Kyle Mantyla, senior fellow with People For the American Way, has been tracking Barton’s career — and the criticism he’s generated from both the right and left.
“That Rep. Bachmann would possibly tap someone like David Barton to teach this class is in no way surprising, since Bachmann clearly has no desire to gain a true understanding of the Constitution and is looking instead for an opportunity to pass off right-wing propaganda as scholarship,” Mantyla told the Minnesota Independent. “As such Barton is the perfect teacher for her effort.
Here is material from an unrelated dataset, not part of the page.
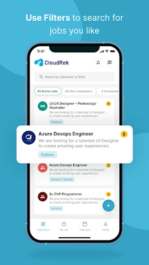 CloudRek is a hybrid job board and recruitment platform that allows job-seekers to find their dream job and clients to effectively find the best possible candidates at the lowest cost and effort. CloudRek recruiters use traditional recruitment methods to find the right candidates, and only the most fitting candidates are pushed into the CloudRek platform.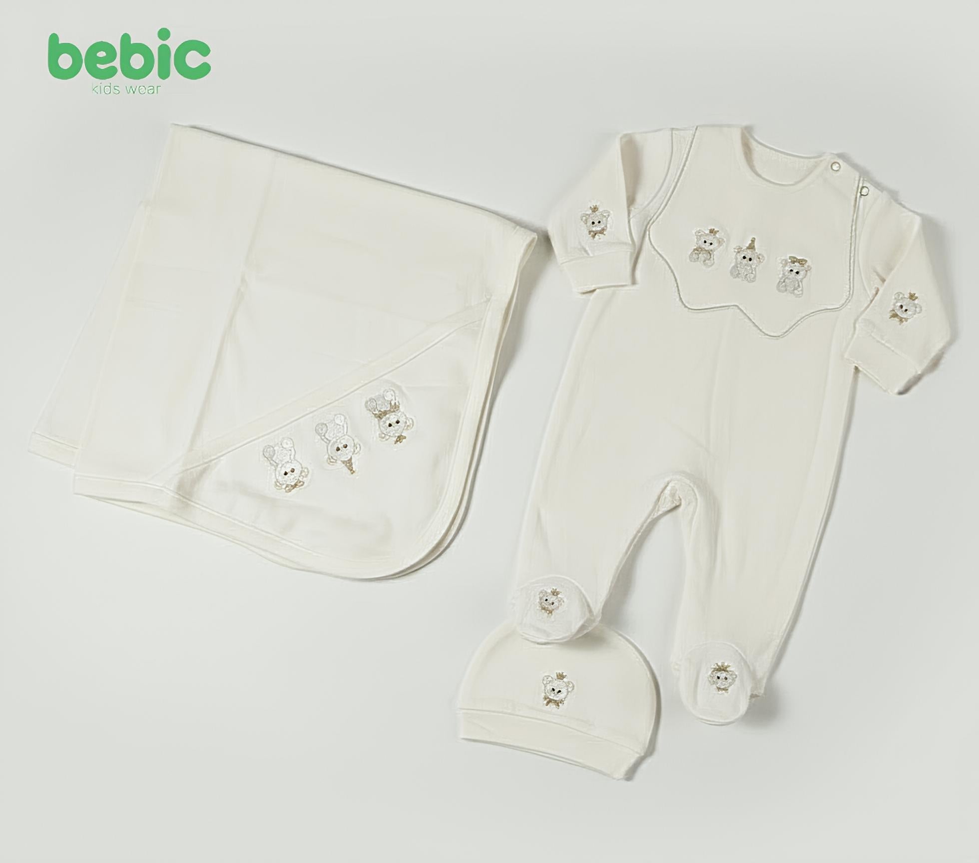 تُعدّ هذه المجموعة خيارًا مثاليًا لأيام طفلكِ الأولى، فهي تتميز بلون أبيض كريمي أنيق يُضفي لمسة من الفخامة الكلاسيكية. تتضمن المجموعة ثلاث قطع متكاملة: بذلة بتصميم فريد، وقبعة ناعمة، وقماط متناسق. تتميز البذلة بصدريتها الداخلية ذات الحواف المُزخرفة، والمطرزة بثلاثة خراف صغيرة ترتدي تيجانًا وأقواسًا ذهبية - وهو نقش يتكرر بجمال على حواف القماط والقبعة والقدمين. صُنعت المجموعة من قطن فاخر يجمع بين النعومة الفائقة والمتانة، وتتميز بأزرار جانبية عند الرقبة لسهولة الارتداء. إنها تجمع بين الأناقة والراحة، لتُخلّد ذكرى عزيزة لأيام طفلكِ الأولى.

In fact, only Bachmann would consider having a class on the Constitution taught by a man whose academic credentials consist entirely of a B.A. from Oral Roberts University and an Honorary Doctorate of Letters from Pensacola Christian College.’”
Mantyla points to a PFAW report on Barton that includes criticism from several important sources. Barton’s work has been unfavorably criticized by the Institute of Church-State Studies at Baylor University, History professor Richard Pierard of Indiana State University, the Baptist Joint Committee for Religious Liberty and the Texas Freedom Network.
Former Republican Senator Arlen Specter wrote in the Harvard Journal of Law and Public Policy that Barton’s “pseudoscholarship would hardly be worth discussing, let alone disproving, were it not for the fact that it is taken so very seriously by so many people.”
The classes will be a part of the new Constitutional Conservative Caucus that Bachmann intends to start. It would be separate from the Tea Party Caucus that she founded in the U.S. House earlier this year.
“Scholars such as David Barton, members of the media who cherish [the founding] principles such as [Fox News host] Sean Hannity, honorable commentators such as Judge [Andrew] Napolitano, honorable judges and justices, and leading legal minds will and have been invited to speak,” Brooke Bialke, Bachmann’s deputy chief of staff, told AOL News. “Topics ranging from the commerce clause to the intersection of constitutional principles with daily concerns such as Medicare will be covered.”